- **DATA SECTION**:
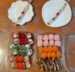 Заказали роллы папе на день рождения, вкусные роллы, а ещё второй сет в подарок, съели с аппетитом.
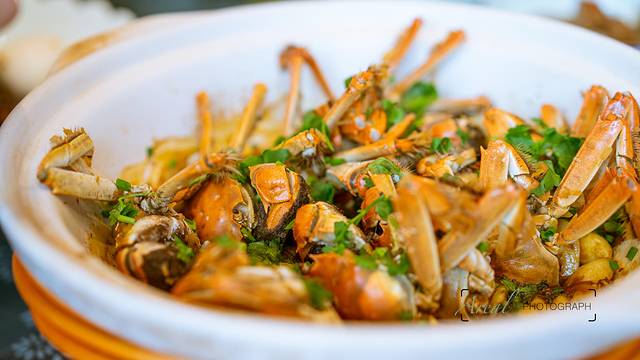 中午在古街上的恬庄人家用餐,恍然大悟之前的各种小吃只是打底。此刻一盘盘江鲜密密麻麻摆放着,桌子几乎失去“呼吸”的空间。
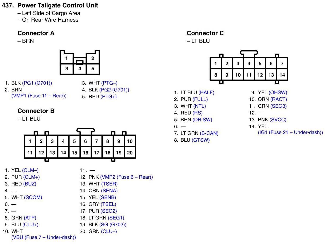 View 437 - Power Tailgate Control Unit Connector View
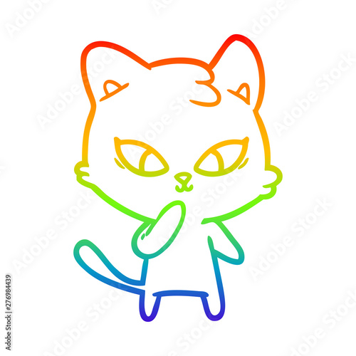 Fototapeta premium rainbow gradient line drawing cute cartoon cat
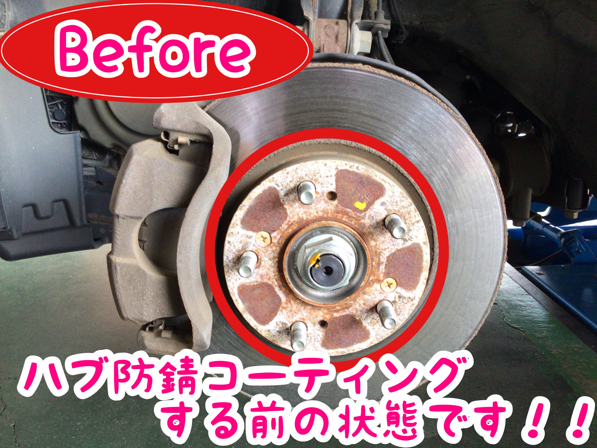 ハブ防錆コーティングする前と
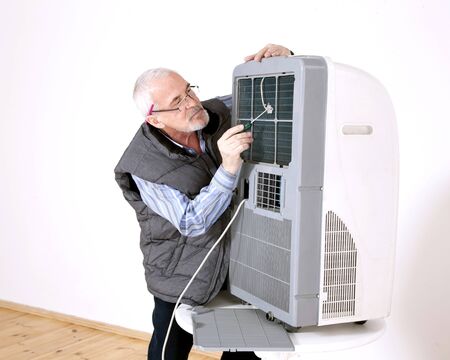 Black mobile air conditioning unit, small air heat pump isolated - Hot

==

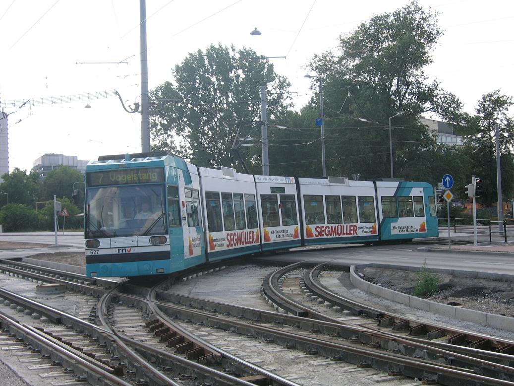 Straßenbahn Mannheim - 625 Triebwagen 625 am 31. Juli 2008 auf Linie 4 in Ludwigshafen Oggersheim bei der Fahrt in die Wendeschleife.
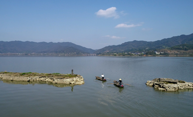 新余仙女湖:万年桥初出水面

* * *

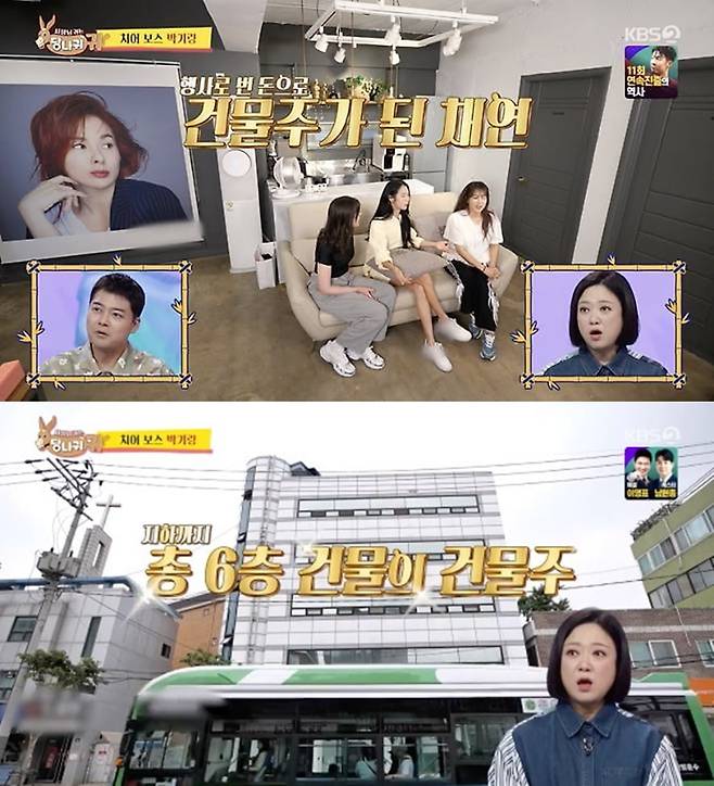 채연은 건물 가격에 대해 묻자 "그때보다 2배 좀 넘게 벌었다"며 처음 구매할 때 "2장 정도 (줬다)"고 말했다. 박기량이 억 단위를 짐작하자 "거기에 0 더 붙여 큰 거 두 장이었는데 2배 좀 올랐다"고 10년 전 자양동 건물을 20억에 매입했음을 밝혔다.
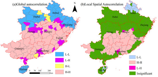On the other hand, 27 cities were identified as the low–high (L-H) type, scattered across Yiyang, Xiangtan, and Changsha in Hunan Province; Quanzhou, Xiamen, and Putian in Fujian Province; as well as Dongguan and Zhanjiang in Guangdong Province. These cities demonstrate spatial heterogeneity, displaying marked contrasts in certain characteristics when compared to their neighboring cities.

- **EXERCISE**: Leaving every picture aside, reproduce exactly the lines above from the one with "ハブ防錆コーティングする前と" up to and including the one with "Black mobile air", and no others.

- **OUTPUT FOR THIS EXERCISE**:
 ハブ防錆コーティングする前と
 Black mobile air conditioning unit, small air heat pump isolated - Hot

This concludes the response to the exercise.